Precision of floating-point computations
C++11 incorporates the definition of FLT_EVAL_METHOD
from C99 in cfloat
.
FLT_EVAL_METHOD
Possible values:
-1 undetermined
0 evaluate just to the range and precision of the type
1 evaluate float and double as double, and long double as long double.
2 evaluate all as long double
If your compiler defines FLT_EVAL_METHOD
as 2, then the computations of r1
and r2
, and of s1
and s2
below are respectively equivalent:
double var3 = …;
double var4 = …;
double r1 = var3 * var4;
double r2 = (long double)var3 * (long double)var4;
long double s1 = var3 * var4;
long double s2 = (long double)var3 * (long double)var4;
If your compiler defines FLT_EVAL_METHOD as 2, then in all four computations above, the multiplication is done at the precision of the long double
type.
However, if the compiler defines FLT_EVAL_METHOD
as 0 or 1, r1
and r2
, and respectively s1
and s2
, aren't always the same.

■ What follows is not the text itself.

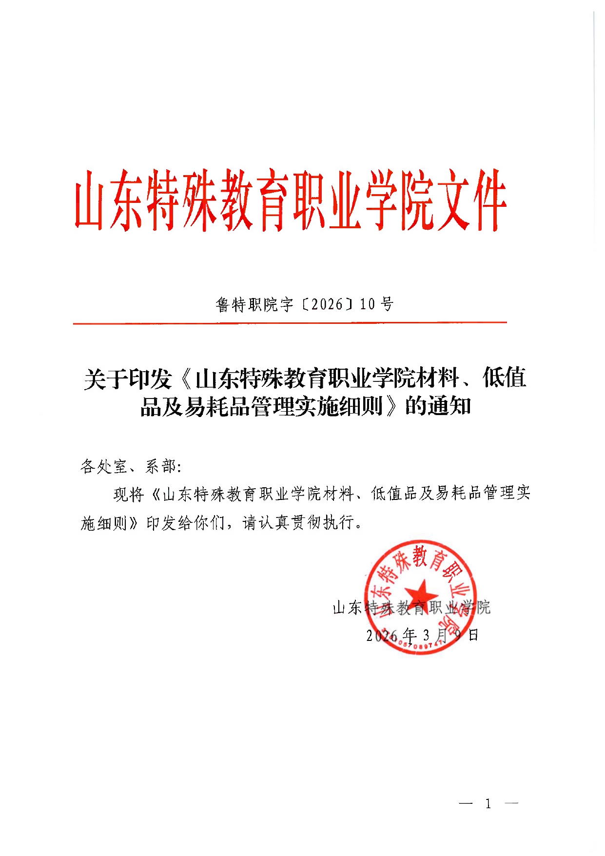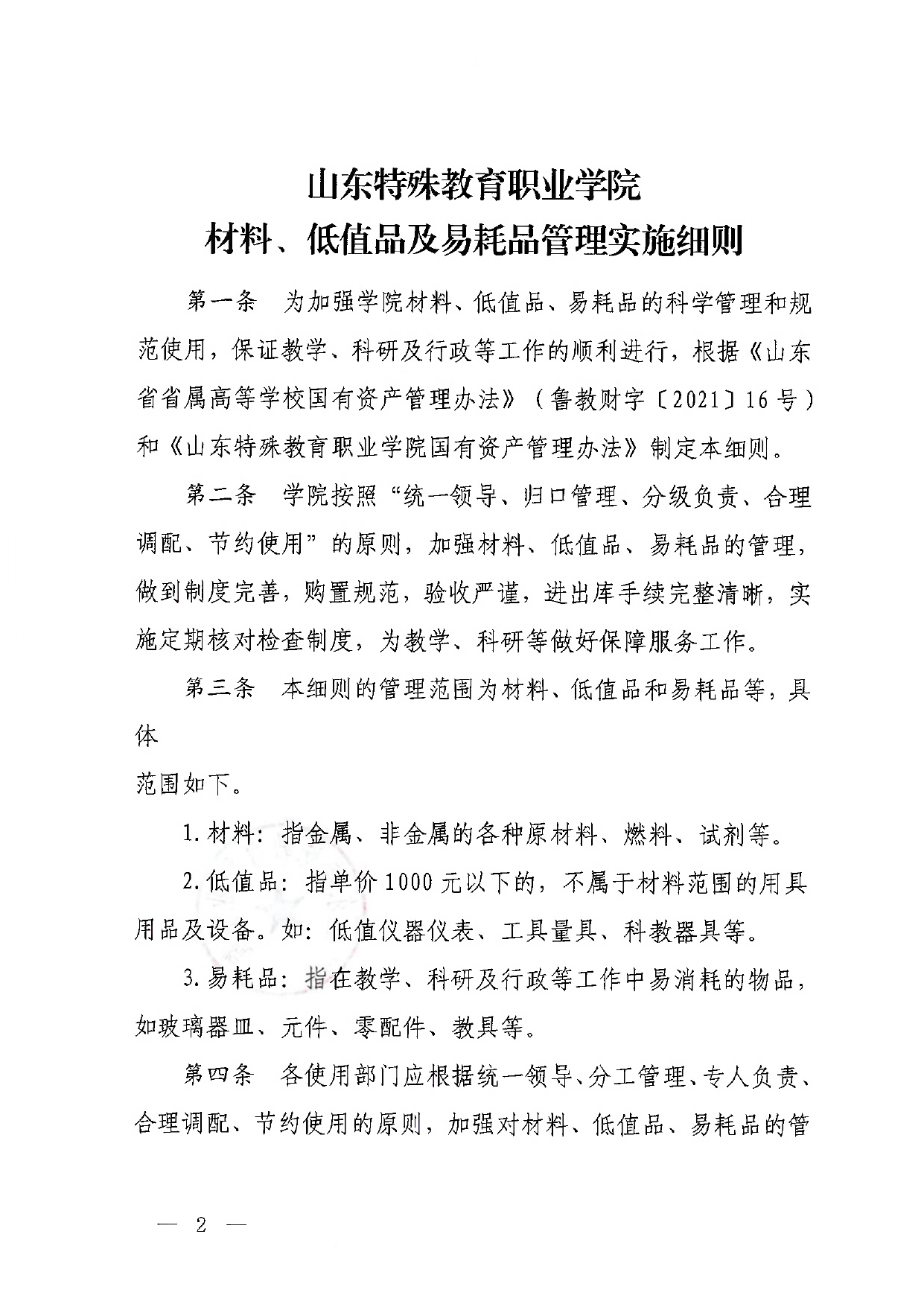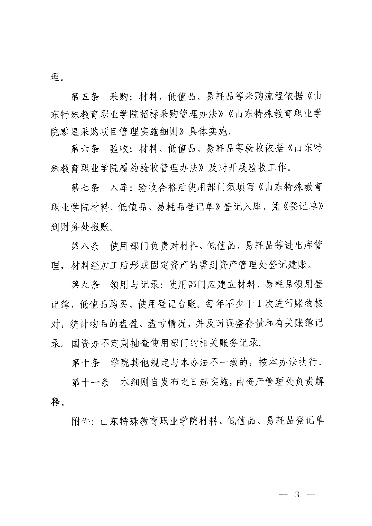山东特殊教育职业学院材料、低值品及易耗品管理实施细则

The multiplications when computing r1
and s1
are done at the precision of double
. The multiplications when computing r2
and s2
are done at the precision of long double
.
Getting wide results from narrow arguments
If you are computing results that are destined to be stored in a wider result type than the type of the operands, as are result1
and result2
in your question, you should always convert the arguments to a type at least as wide as the target, as you do here:
result2=(long double)var3*(long double)var4;
Without this conversion (if you write var3 * var4
), if the compiler's definition of FLT_EVAL_METHOD
is 0 or 1, the product will be computed in the precision of double
, which is a shame, since it is destined to be stored in a long double
.
If the compiler defines FLT_EVAL_METHOD
as 2, then the conversions in (long double)var3*(long double)var4
are not necessary, but they do not hurt either: the expression means exactly the same thing with and without them.

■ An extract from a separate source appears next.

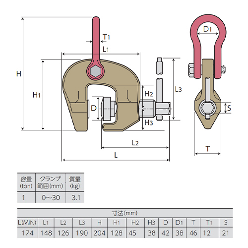 | 使用荷重 | 1t | クランプ範囲 | 0~30mm |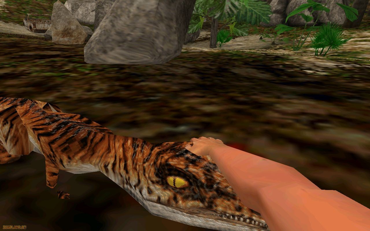 Jurassic Park: Trespasser ![]() Жанр: FPS симулятор выживания Разработчик: DreamWorks Interactive Издатель: Electronic Arts Дата выхода: 28 октября 1998 года А не повторить ли нам эксперимент? В свое время невиданный успех фантастического фильма "Парк Юрского периода" за режиссерством увлеченного своим делом Стивена Спилберга произвел резонанс не только в киноиндустрии, но и в игровой. Франчайз породил немало игр как для консолей (в основном, аркады, но позже был и динофайтинг(!)), так и для ПК, среди которых есть одна, наделавшая в свое время немало шума и воспринятая многими игроками как шедевр (пусть и неоконченный, но об этом ниже) и прорыв в жанре. Да что там, в жанре, это был прорыв в индустрии! Как мы знаем, оглушительный успех картины подтолкнул Спилберга к съемкам сиквела. Тем временем, двое бывших сотрудников Looking Glass Technologies геймдизайнеры Шимус Блэкли и Остин Гроссман смекнули, что неплохо бы сопрячь выход на экраны второго фильма с компьютерной игрой - прибыль это обещало весомую. Ну да Бог с ней с прибылью, это не главное, ведь за словом "Trespasser" стоял масштаб происходящего и немало интереснейших идей. Переговорив со Спилбергом еще за два года до выпуска сиквела фильма и получив его согласие на лицензирование и курирование проекта, Бэкли и Гроссман собрали команду и принялись за дело... Сюжет Незатейливый. Спустя год после событий фильма "Затерянный мир", главная героиня по имени Энн банально отправляется в тропики на отдых. Разумеется, она уже наслышана о событиях на острове Isla Nublar ("Объект А"), неудачном эксперименте и разрушенном парке с динозаврами. Самолет героини по не зависящим от меня причинам терпит крушение. Очнувшись, Энн обнаруживает себя на берегу необитаемого острова, который к ее ужасу оказывается засекреченным "Объектом Б", на котором горе-генетики выращивали древних монстров. В кратчайшие сроки незадачливой туристке придется найти на острове хоть какое-то средство связи, вызвать кого-нибудь на помощь и убраться отсюда к чертям. А не то отпуск будет безнадежно испорчен. Глазами туриста Вокруг красиво (с поправкой на 98-ой год). Первое, на что хочется обратить внимание - отнюдь не тропическая растительность, а тело героини. В других играх от первого лица вы не увидите туловища и ног персонажа, которым играете - фактически приходится играть летающей камерой с растущими из нее руками, держащими оружие. Trespasser - другое дело! К радости мужской части аудитории, взглянув вниз, можно обнаружить грудь Энн, да еще и с татуировкой в форме сердечка.Татуировка, кстати, выступает не только в роли украшения, но и служит индикатором физического благополучия героини, становясь красной от полученных повреждений. Ну все, хватит любоваться своими прелестями, пора и честь знать. Топая по острову (а к вожделенному пункту эвакуации придется потопать немало - территория огромная), найдет немало следов человеческого присутствия - тут тебе и заброшенные тренировочные базы, и центр, в котором разводили динозавров, и даже недостроенный монорельс - владелец злачного заведения Джон Хэммонд в свое время вбухал в строительство комплекса немалые бабки и зрелище обещало предстать фееричным, но не судьба. Вид заброшенных построек наводит некоторую тоску и ощущение одиночества, хотя тем интереснее, хочется знать "а что там дальше?". Однако, не это главное. Остров, на котором происходит де

Digression: if the destination format is as narrow as the arguments, when is extended-precision for intermediate results better?

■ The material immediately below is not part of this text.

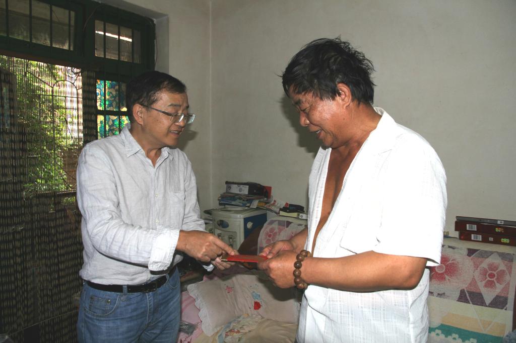 錫業(yè)股份黨委委員、工會(huì)主席李林走訪慰問(wèn)老廠分公司困難職工李生保。(劉亞杰/攝)

Paradoxically, for a single operation, rounding only once to the target precision is best. The only effect of computing a single multiplication in extended precision is that the result will be rounded to extended precision and then to double
precision. This makes it less accurate. In other words, with FLT_EVAL_METHOD
0 or 1, the result r2
above is sometimes less accurate than r1
because of double-rounding, and if the compiler uses IEEE 754 floating-point, never better.
The situation is different for larger expressions that contain several operations. For these, it is usually better to compute intermediate results in extended precision, either through explicit conversions or because the compiler uses FLT_EVAL_METHOD == 2
. This question and its accepted answer show that when computing with 80-bit extended precision intermediate computations for binary64 IEEE 754 arguments and results, the interpolation formula u2 * (1.0 - u1) + u1 * u3
always yields a result between u2
and u3
for u1
between 0 and 1. This property may not hold for binary64-precision intermediate computations because of the larger rounding errors then.